◆ **REQUIRED WORK**
Using the data beneath this instruction, retype only the lines from the one that contains "Great location. Newly" down to the one that contains "Дитячі євро зимові", both included, exactly as they appear.

◆ **EXERCISE DATA**
--- --- ---

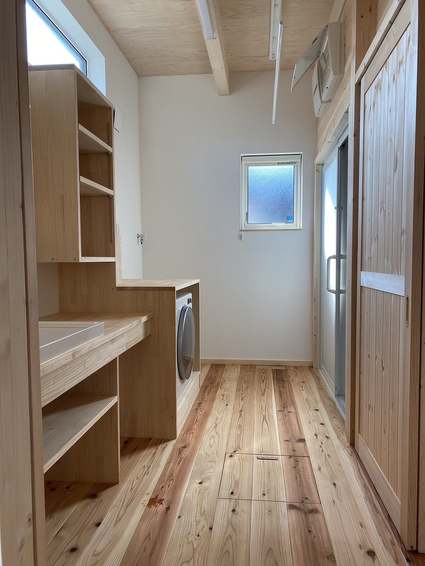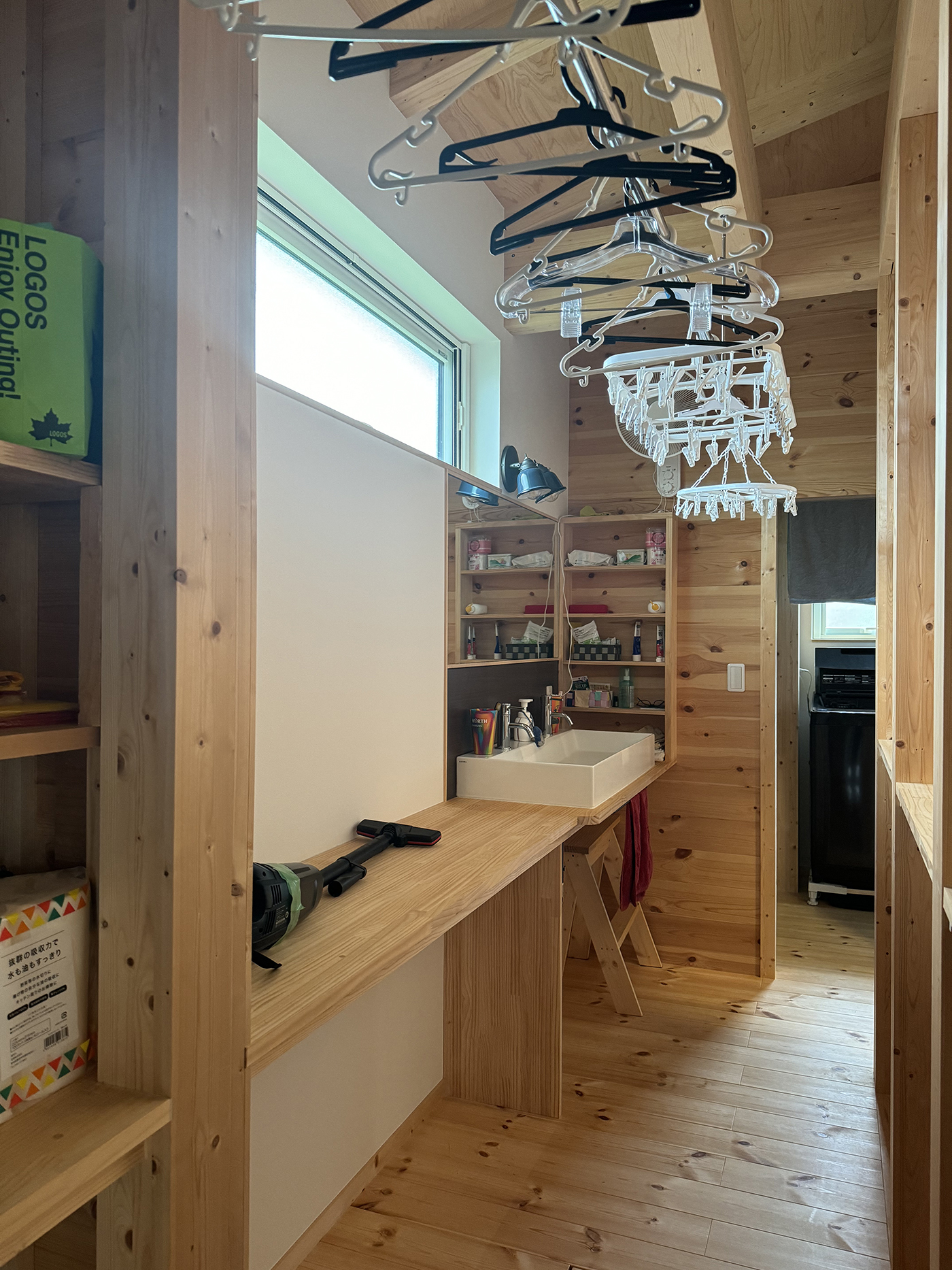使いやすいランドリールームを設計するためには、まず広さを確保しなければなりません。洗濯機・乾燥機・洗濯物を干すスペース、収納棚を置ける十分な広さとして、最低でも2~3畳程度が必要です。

--- --- ---

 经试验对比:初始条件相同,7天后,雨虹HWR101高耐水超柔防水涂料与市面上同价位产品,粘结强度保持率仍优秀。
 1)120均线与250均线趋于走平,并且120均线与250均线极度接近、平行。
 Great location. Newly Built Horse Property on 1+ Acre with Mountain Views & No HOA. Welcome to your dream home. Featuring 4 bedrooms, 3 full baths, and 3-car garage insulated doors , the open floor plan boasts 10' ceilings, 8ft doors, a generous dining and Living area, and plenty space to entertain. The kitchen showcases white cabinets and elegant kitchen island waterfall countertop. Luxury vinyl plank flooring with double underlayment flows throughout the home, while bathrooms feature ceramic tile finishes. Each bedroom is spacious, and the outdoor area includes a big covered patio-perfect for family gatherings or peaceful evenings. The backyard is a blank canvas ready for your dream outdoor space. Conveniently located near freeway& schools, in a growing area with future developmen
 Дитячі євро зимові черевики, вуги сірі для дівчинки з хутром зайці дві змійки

--- --- ---

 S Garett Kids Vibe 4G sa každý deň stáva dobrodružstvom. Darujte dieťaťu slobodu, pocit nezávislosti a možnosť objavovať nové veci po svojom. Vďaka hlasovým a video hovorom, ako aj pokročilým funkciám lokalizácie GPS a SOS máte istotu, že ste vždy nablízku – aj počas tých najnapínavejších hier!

--- --- ---

◆ **SOLUTION TO THIS EXERCISE**
 Great location. Newly Built Horse Property on 1+ Acre with Mountain Views & No HOA. Welcome to your dream home. Featuring 4 bedrooms, 3 full baths, and 3-car garage insulated doors , the open floor plan boasts 10' ceilings, 8ft doors, a generous dining and Living area, and plenty space to entertain. The kitchen showcases white cabinets and elegant kitchen island waterfall countertop. Luxury vinyl plank flooring with double underlayment flows throughout the home, while bathrooms feature ceramic tile finishes. Each bedroom is spacious, and the outdoor area includes a big covered patio-perfect for family gatherings or peaceful evenings. The backyard is a blank canvas ready for your dream outdoor space. Conveniently located near freeway& schools, in a growing area with future developmen
 Дитячі євро зимові черевики, вуги сірі для дівчинки з хутром зайці дві змійки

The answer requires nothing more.